On 9/8/18 6:50 PM, Patrick O'Callaghan wrote:
On Sat, 2018-09-08 at 08:38 +1000, Michael D. Setzer II wrote:
> The jetcat-mod is a filter that monitors the process of the copy, and outputs the
> info every 5 seconds with this option. The dialog then displays a running graph of
> the progress along with estimated speed. In the clone case there is no
> compression, so the rate is generally the physical speed of disk. With image files
> that are compressed, the effective speed can vary greatly depending on how much
> the data was compressed. Mostly just gives progress versus just waiting for the dd
> command to finish.
The only results I see from Google refer to actual jet engines, so I ask again,
where does this come from?
I know what you mean.
I avoid using commands/tools/utilities that aren't part of the Fedora distributions
when answering queries on the mailing list.
The exception would be commands/tools/utilities which are easily installed from other
well-known repos. I try and
take care to mention the repo they can been installed from.

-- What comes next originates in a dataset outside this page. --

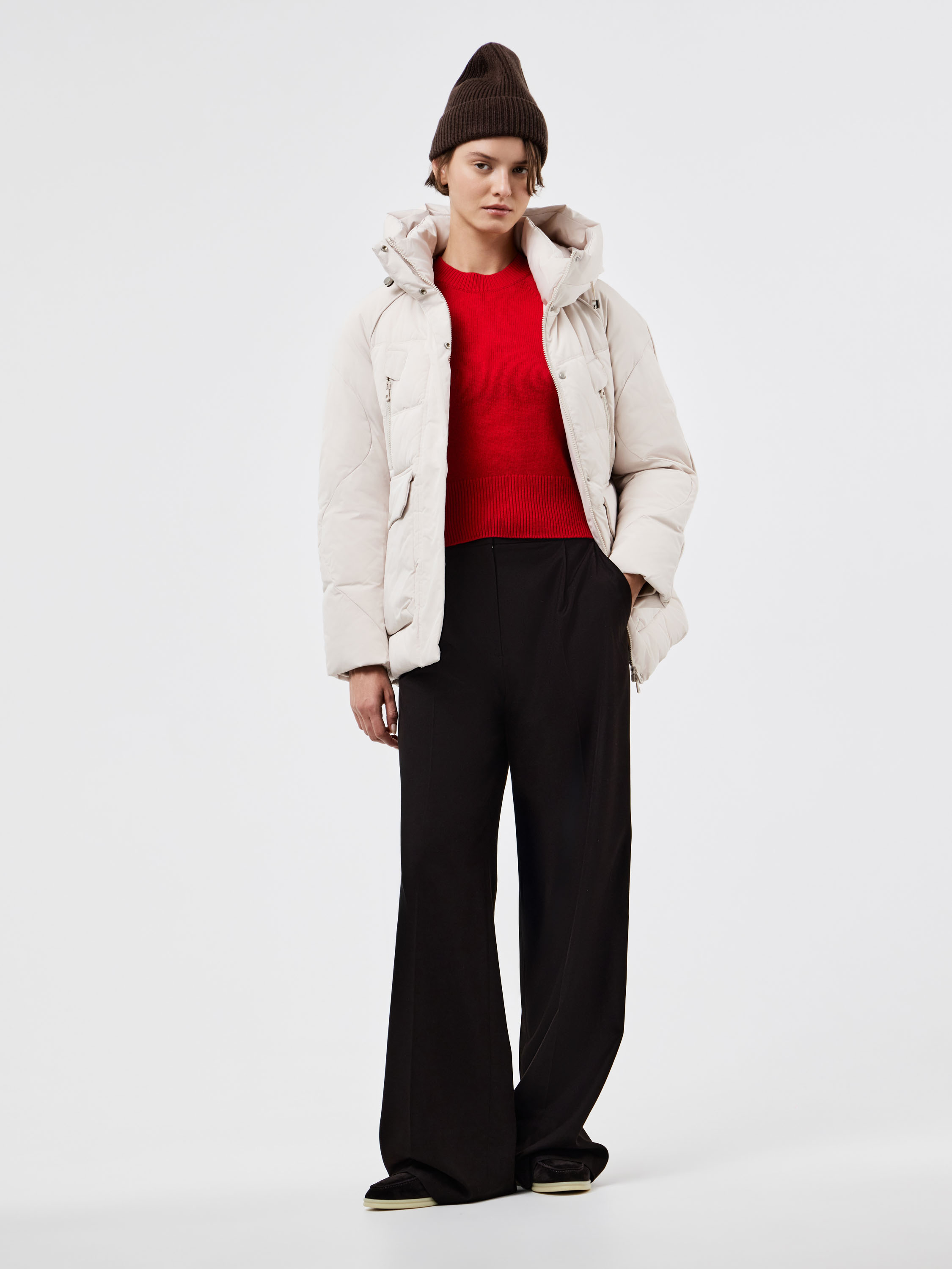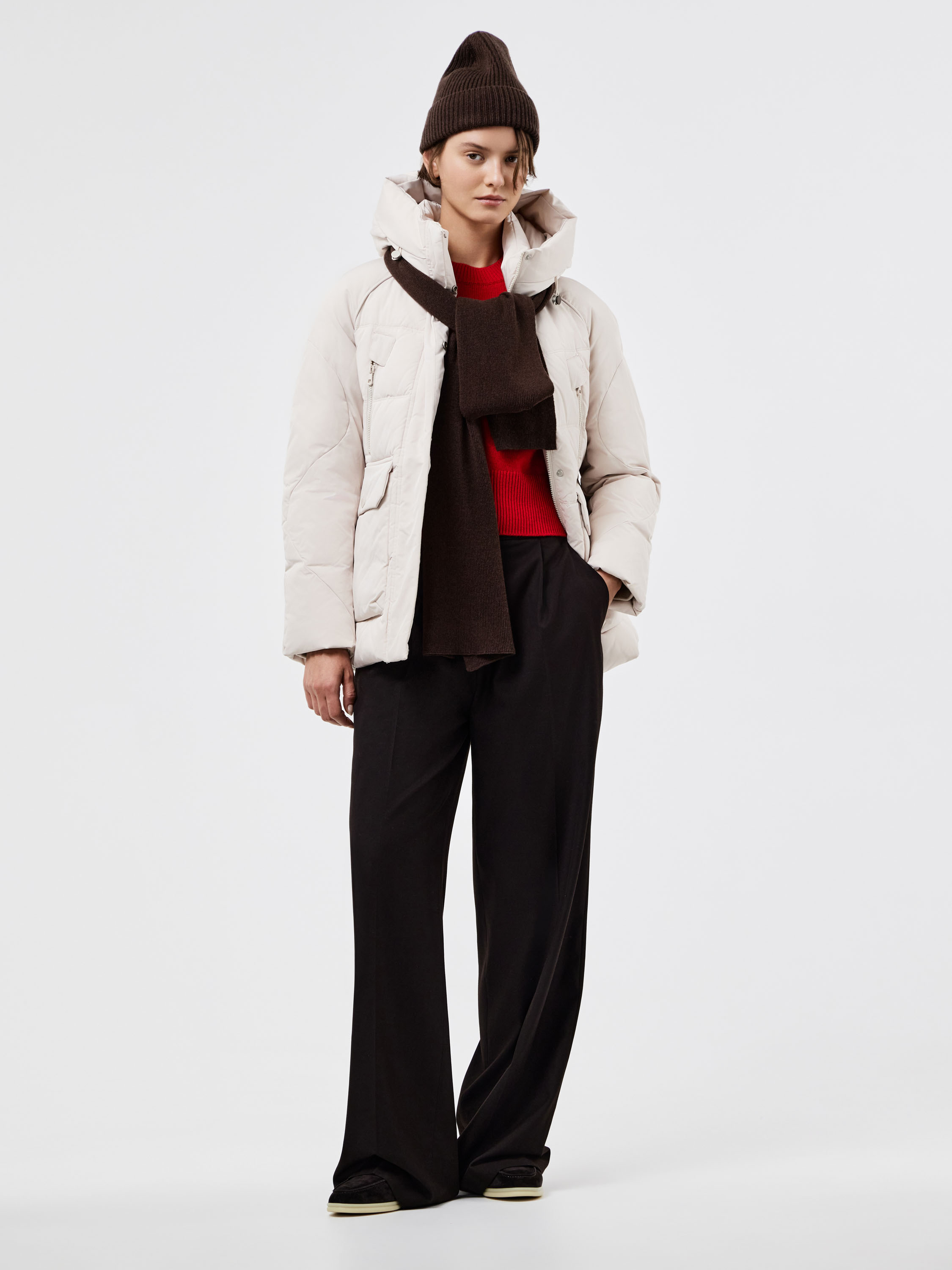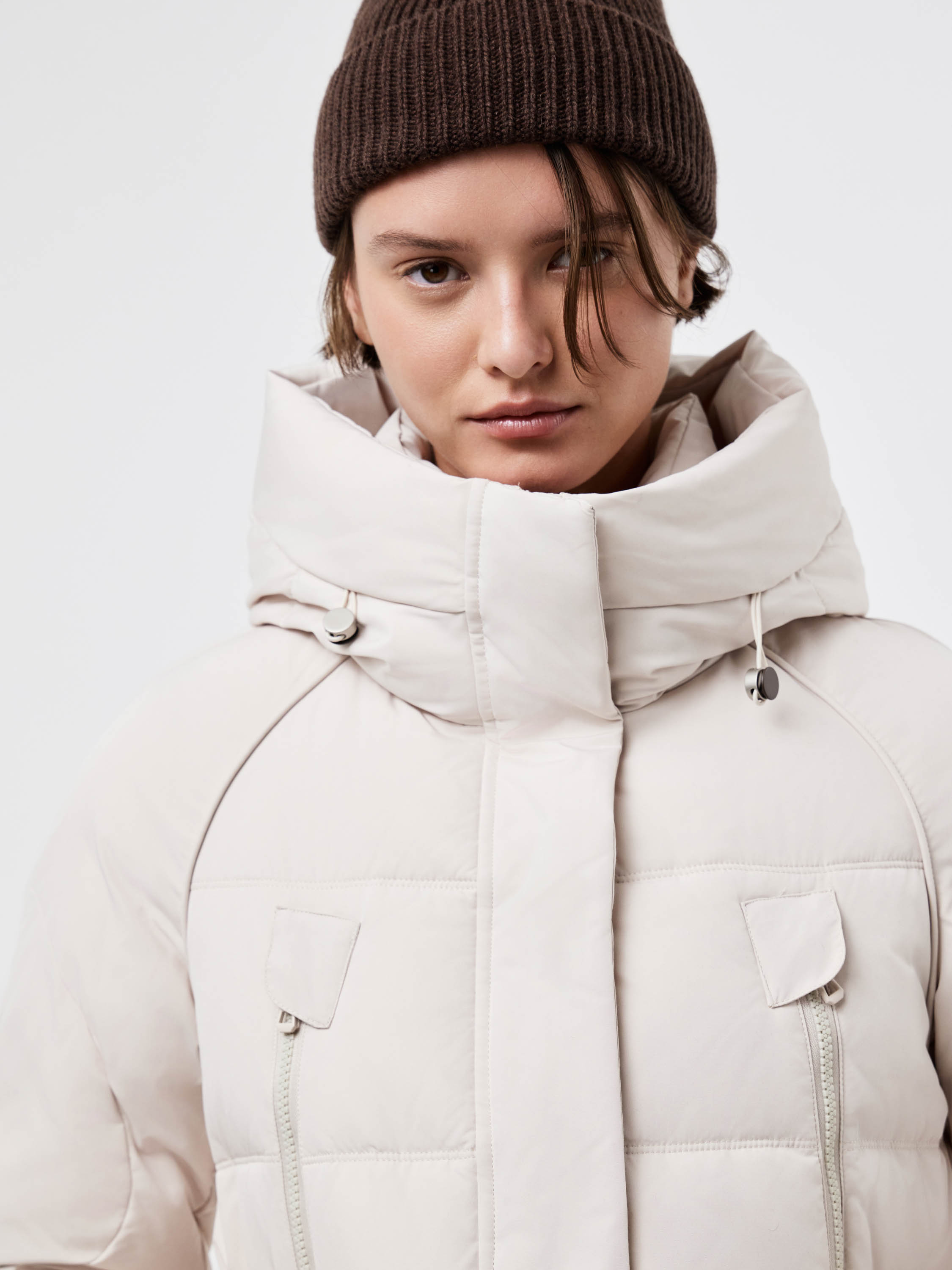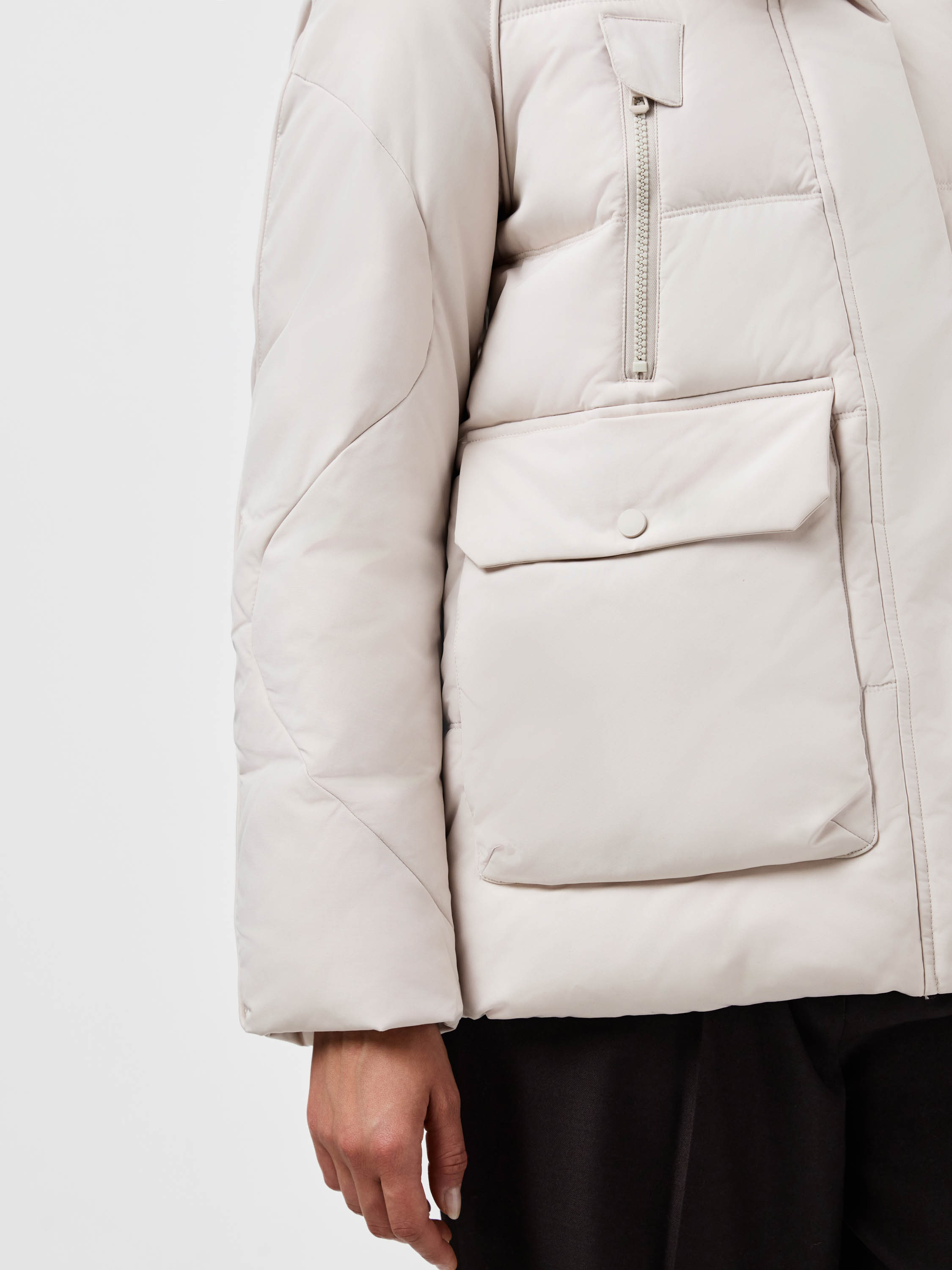 Пуховик прямого силуэта с акцентом на функциональные детали. В качестве наполнителя используется современный био-пух из полиэстера, который обеспечивает легкость, теплоизоляцию и комфорт в носке. Объемный капюшон защищает от ветра и холода, а застежка на молнию с планкой добавляет дополнительный уровень защиты. Карманы с клапанами и дополнительные нагрудные карманы делают модель практичной и удобной для повседневного использования. Лаконичный дизайн и универсальный крой позволяют сочетать пуховик как с базовыми джинсами и трикотажем, так и с более строгими элементами гардероба.

I try my best not to keep people guessing. And if I do, I give the links to where
something can be found.
One of the not so nice things I've seen happen is people, not the most experienced,
install non-standard stuff on their systems and then forget they've done it. And
then they complain when stuff that worked for them before no longer works as an
upgrade changes a library that is no longer compatible.